> **TASK TO CARRY OUT**
If a record holds a picture, drop the picture and copy everything else exactly.

> **RECORDS SHOWN**
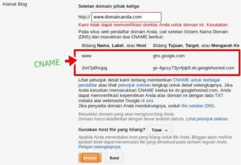 setelah di masukan CNAME itu kemudian masukan alamat IP yang ada pada gambar di atas itu alamat IP dari google, setelah itu klik save change dan tunggu beberapa detik setelah ada pemberitahuan sukses kemudian beralih ke bagian blog anda dan jangan lupa masukan domain gratis yang anda punya dengan menambahkan www di depannya kemudian klik simpan klik simpan dan tunggu beberapa menit setelah perubahan di simpan jangan lupa edit yang di bagian domain dan lupa centang alihkan bajang-review.ml ke www.bajang-review.ml setelah itu klik simpan dan selamat anda berhasil memiliki domain gratis tersebut
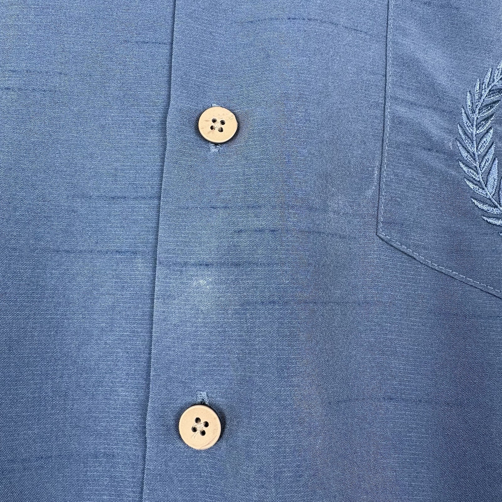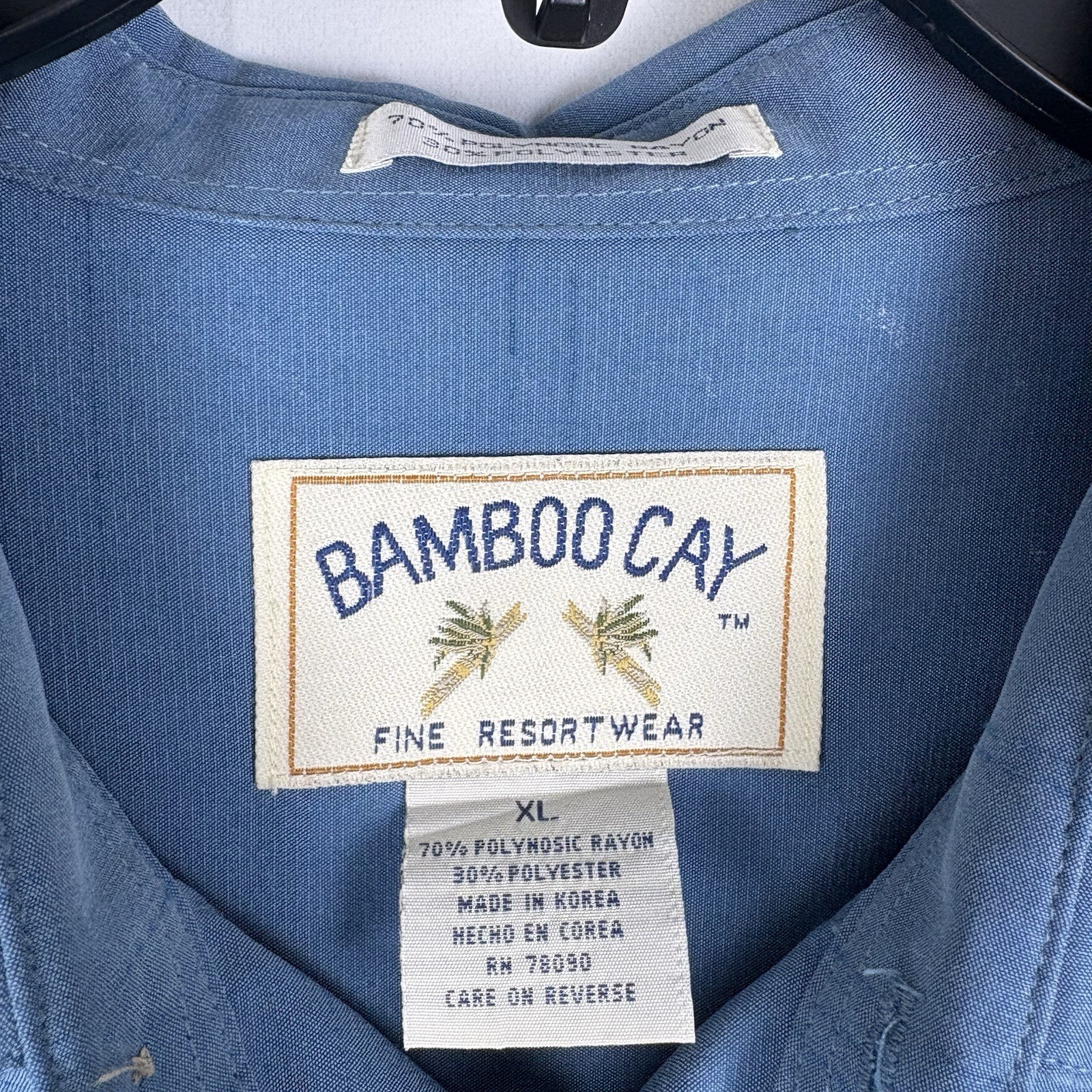 The Bamboo Cay Blue Marlin Hawaiian Tropical Button Shirt in XL size is a stylish and versatile addition to any man's wardrobe. Featuring a vibrant blue color with an animal print pattern, this short-sleeve shirt is perfect for casual occasions or travel adventures. The embroidered accents and Hawaiian theme add a touch of tropical flair, while the collared neckline and button closure offer a classic and polished look. Made from a blend of polyester and polynosic rayon, this shirt is comfortable for year-round wear, making it a must-have for any beach, fish, or aloha-inspired outfit. Shirt is in good shape but has some condition issues, see photos.
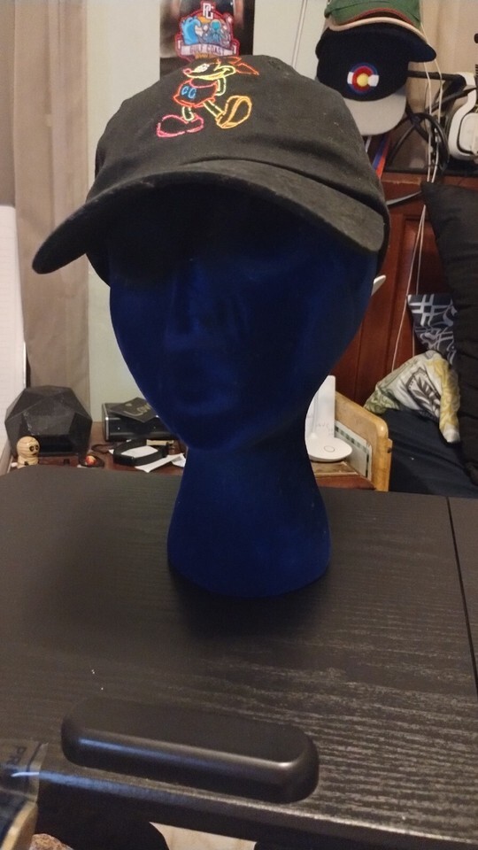 Disney Mickey Mouse Adjustable Strapback Hat Cap Neon Electric Black Adult. Condition is Pre-owned. Shipped with USPS First Class.
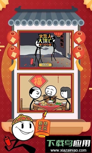 《火柴人大逃亡春节篇》是该系列为新春打造的特别版本,游戏内洋溢着浓厚的节日氛围,设计了众多与春节主题相关的趣味关卡,期待各位玩家下载体验挑战。
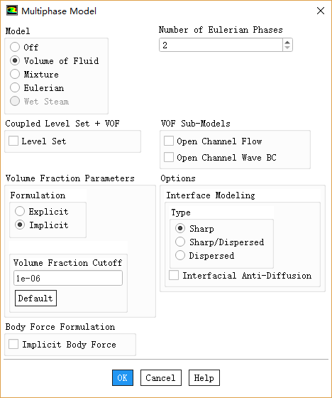 鼠标双击模型树节点Models > Multiphase,弹出对话框中如下图所示,选择Volume of Fluid
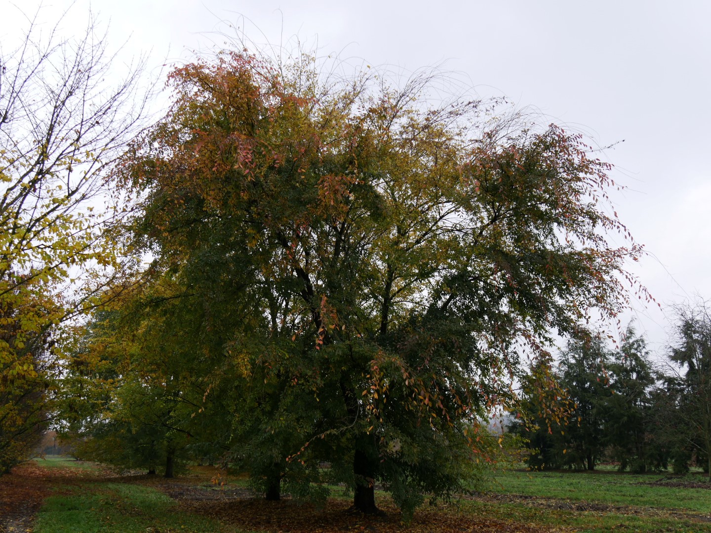 A graceful, medium-size tree with a dense round crown. The tree usually grows to 8 - 15 m but in exceptional cases it can reach 18 m tall. The young twigs are glossy brown and slightly hairy, but rapidly become hairless. The old bark is brown-grey and peels off in small plates revealing the orange bast. The leaves are fairly small and glossy dark green. In southern regions of origin, the tree is almost evergreen but in a temperate climate always deciduous. The foliage falls in late autumn and takes on hardly any or no autumn colours. The tree blossoms in September with clusters of inconspicuous green flowers, followed by winged seeds. Its resistance to Dutch elm disease makes it worth considering as a park and avenue tree. It has a great adaptability to various soil types, tolerates a lot of warmth and is wind resistant.
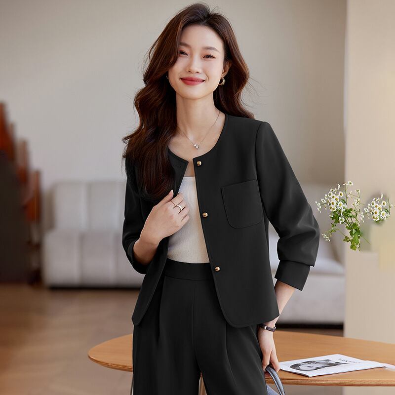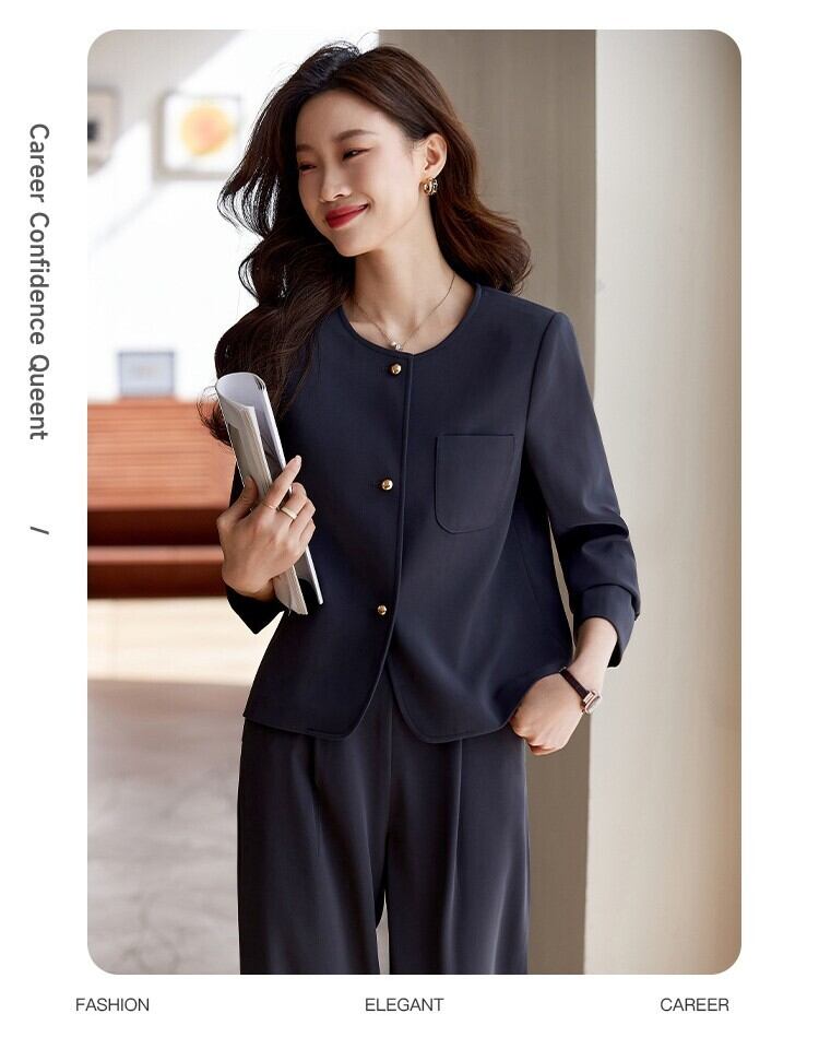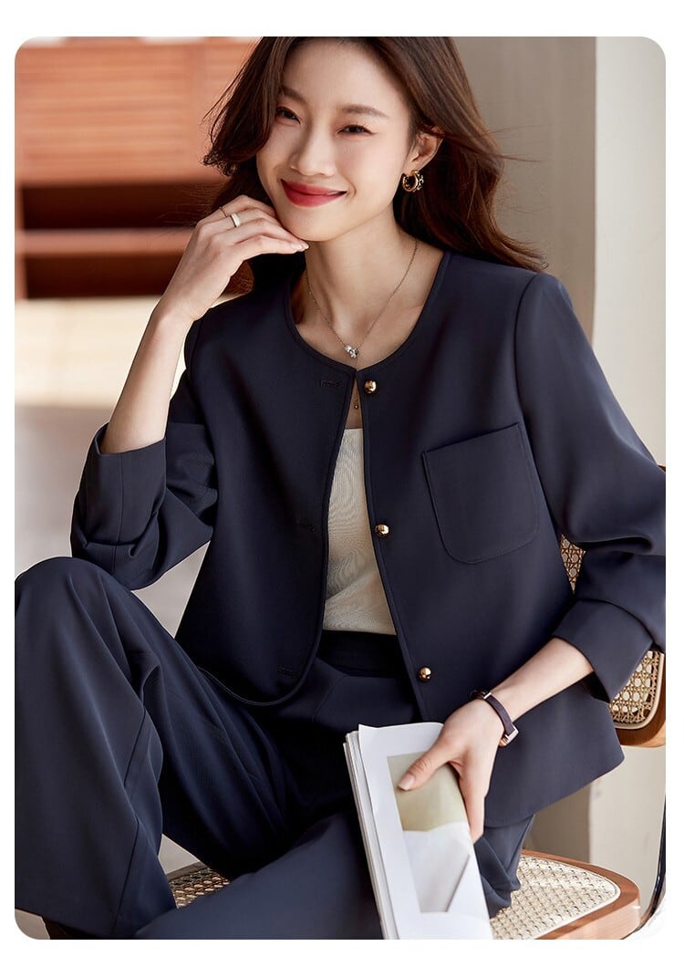 大人可愛いノーカラージャケット+ワイドパンツのセットアップ。
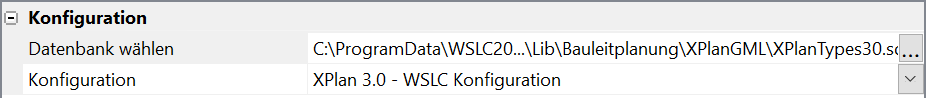 - Konfiguration – Hier ist die Konfiguration in den Bibliotheken zu wählen, welche für die Verarbeitung des XPlanungs-Standards verwendet werden soll. Die möglichen Konfigurationen stehen in einer Klappliste zur Auswahl.
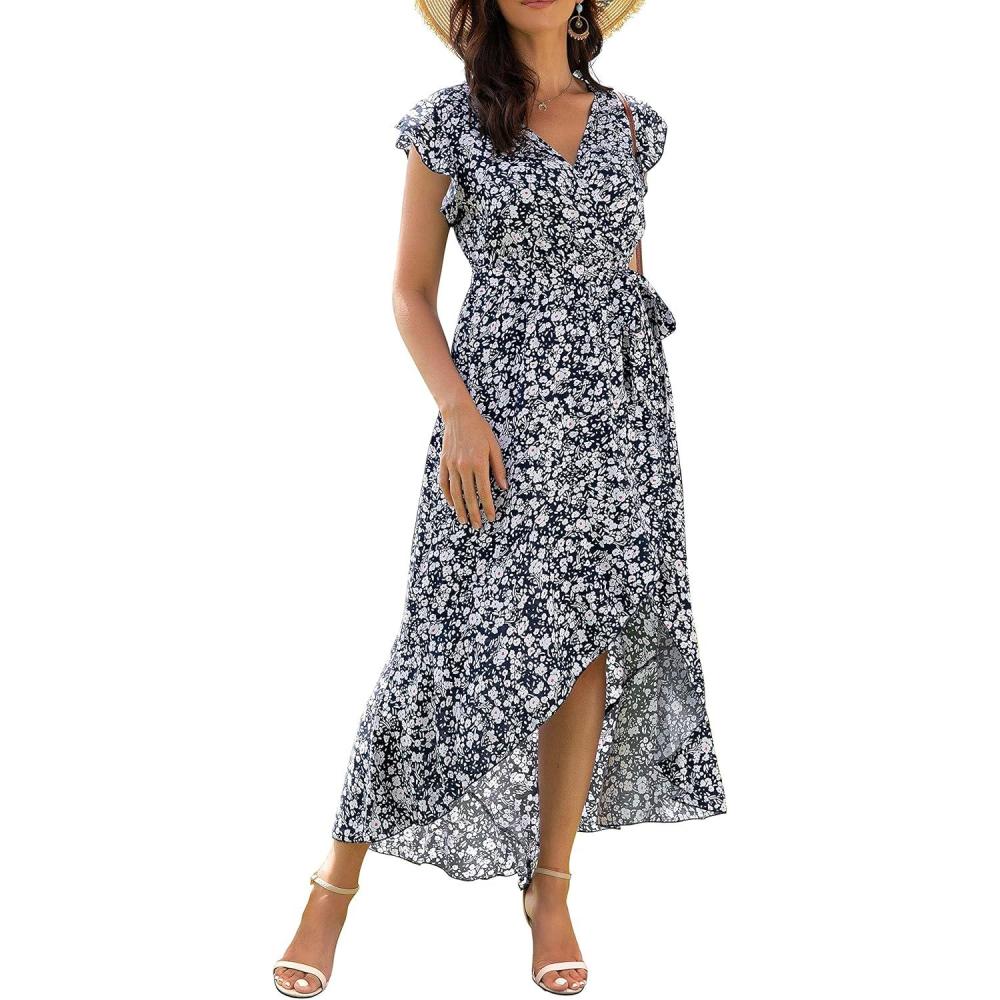 imageGRECERELLE 2026 Womens Spring Summer Boho Floral Print VNeck Faux Wrap Maxi Dress for Wedding Guest Graduation Party20 Fp Jasmine Navy

> **RESULT OF THE EXERCISE**
 setelah di masukan CNAME itu kemudian masukan alamat IP yang ada pada gambar di atas itu alamat IP dari google, setelah itu klik save change dan tunggu beberapa detik setelah ada pemberitahuan sukses kemudian beralih ke bagian blog anda dan jangan lupa masukan domain gratis yang anda punya dengan menambahkan www di depannya kemudian klik simpan klik simpan dan tunggu beberapa menit setelah perubahan di simpan jangan lupa edit yang di bagian domain dan lupa centang alihkan bajang-review.ml ke www.bajang-review.ml setelah itu klik simpan dan selamat anda berhasil memiliki domain gratis tersebut
 The Bamboo Cay Blue Marlin Hawaiian Tropical Button Shirt in XL size is a stylish and versatile addition to any man's wardrobe. Featuring a vibrant blue color with an animal print pattern, this short-sleeve shirt is perfect for casual occasions or travel adventures. The embroidered accents and Hawaiian theme add a touch of tropical flair, while the collared neckline and button closure offer a classic and polished look. Made from a blend of polyester and polynosic rayon, this shirt is comfortable for year-round wear, making it a must-have for any beach, fish, or aloha-inspired outfit. Shirt is in good shape but has some condition issues, see photos.
 Disney Mickey Mouse Adjustable Strapback Hat Cap Neon Electric Black Adult. Condition is Pre-owned. Shipped with USPS First Class.
 《火柴人大逃亡春节篇》是该系列为新春打造的特别版本,游戏内洋溢着浓厚的节日氛围,设计了众多与春节主题相关的趣味关卡,期待各位玩家下载体验挑战。
 鼠标双击模型树节点Models > Multiphase,弹出对话框中如下图所示,选择Volume of Fluid
 A graceful, medium-size tree with a dense round crown. The tree usually grows to 8 - 15 m but in exceptional cases it can reach 18 m tall. The young twigs are glossy brown and slightly hairy, but rapidly become hairless. The old bark is brown-grey and peels off in small plates revealing the orange bast. The leaves are fairly small and glossy dark green. In southern regions of origin, the tree is almost evergreen but in a temperate climate always deciduous. The foliage falls in late autumn and takes on hardly any or no autumn colours. The tree blossoms in September with clusters of inconspicuous green flowers, followed by winged seeds. Its resistance to Dutch elm disease makes it worth considering as a park and avenue tree. It has a great adaptability to various soil types, tolerates a lot of warmth and is wind resistant.
 大人可愛いノーカラージャケット+ワイドパンツのセットアップ。
 - Konfiguration – Hier ist die Konfiguration in den Bibliotheken zu wählen, welche für die Verarbeitung des XPlanungs-Standards verwendet werden soll. Die möglichen Konfigurationen stehen in einer Klappliste zur Auswahl.
 imageGRECERELLE 2026 Womens Spring Summer Boho Floral Print VNeck Faux Wrap Maxi Dress for Wedding Guest Graduation Party20 Fp Jasmine Navy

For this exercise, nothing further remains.